=== Task statement ===
Reproduce each record exactly. The pictures should be skipped.

★ ★ ★ ★

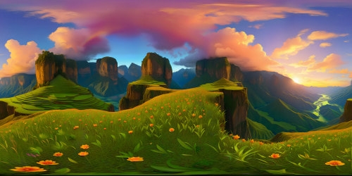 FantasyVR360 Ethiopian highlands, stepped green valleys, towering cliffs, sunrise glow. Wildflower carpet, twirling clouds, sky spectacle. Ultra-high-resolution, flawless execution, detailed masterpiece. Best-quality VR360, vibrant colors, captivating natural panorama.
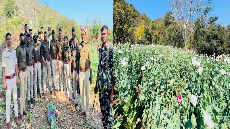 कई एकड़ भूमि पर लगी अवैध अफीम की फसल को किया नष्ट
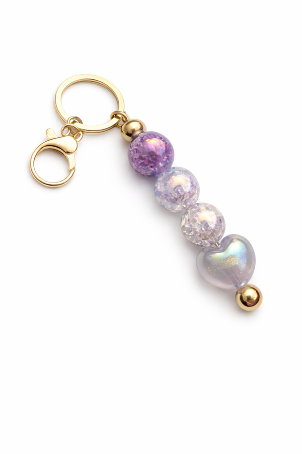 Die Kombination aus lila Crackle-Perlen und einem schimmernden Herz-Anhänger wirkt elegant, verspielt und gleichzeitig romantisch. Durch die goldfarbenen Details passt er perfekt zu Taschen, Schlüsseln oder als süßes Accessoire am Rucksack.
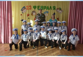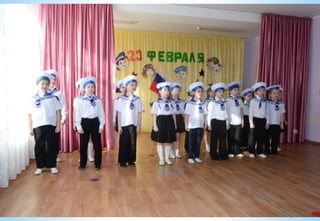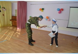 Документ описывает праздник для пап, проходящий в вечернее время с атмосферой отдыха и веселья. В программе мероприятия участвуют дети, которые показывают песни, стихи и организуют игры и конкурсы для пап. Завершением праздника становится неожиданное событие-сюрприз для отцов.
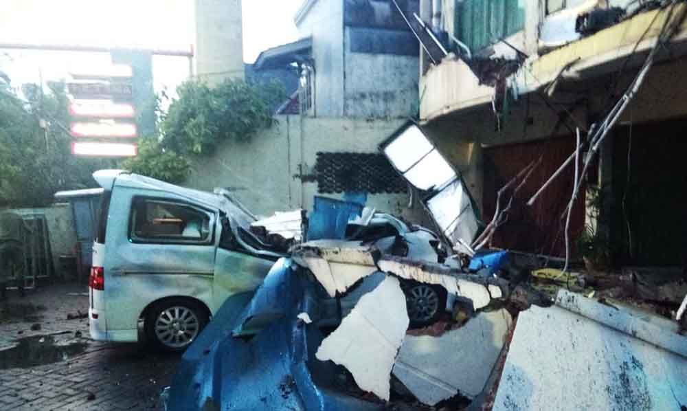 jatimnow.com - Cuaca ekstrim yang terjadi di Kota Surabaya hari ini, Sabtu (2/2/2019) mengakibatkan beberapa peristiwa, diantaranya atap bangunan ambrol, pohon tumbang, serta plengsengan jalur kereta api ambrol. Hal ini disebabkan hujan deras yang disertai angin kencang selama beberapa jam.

★ ★ ★ ★

=== Response area ===
 FantasyVR360 Ethiopian highlands, stepped green valleys, towering cliffs, sunrise glow. Wildflower carpet, twirling clouds, sky spectacle. Ultra-high-resolution, flawless execution, detailed masterpiece. Best-quality VR360, vibrant colors, captivating natural panorama.
 कई एकड़ भूमि पर लगी अवैध अफीम की फसल को किया नष्ट
 Die Kombination aus lila Crackle-Perlen und einem schimmernden Herz-Anhänger wirkt elegant, verspielt und gleichzeitig romantisch. Durch die goldfarbenen Details passt er perfekt zu Taschen, Schlüsseln oder als süßes Accessoire am Rucksack.
 Документ описывает праздник для пап, проходящий в вечернее время с атмосферой отдыха и веселья. В программе мероприятия участвуют дети, которые показывают песни, стихи и организуют игры и конкурсы для пап. Завершением праздника становится неожиданное событие-сюрприз для отцов.
 jatimnow.com - Cuaca ekstrim yang terjadi di Kota Surabaya hari ini, Sabtu (2/2/2019) mengakibatkan beberapa peristiwa, diantaranya atap bangunan ambrol, pohon tumbang, serta plengsengan jalur kereta api ambrol. Hal ini disebabkan hujan deras yang disertai angin kencang selama beberapa jam.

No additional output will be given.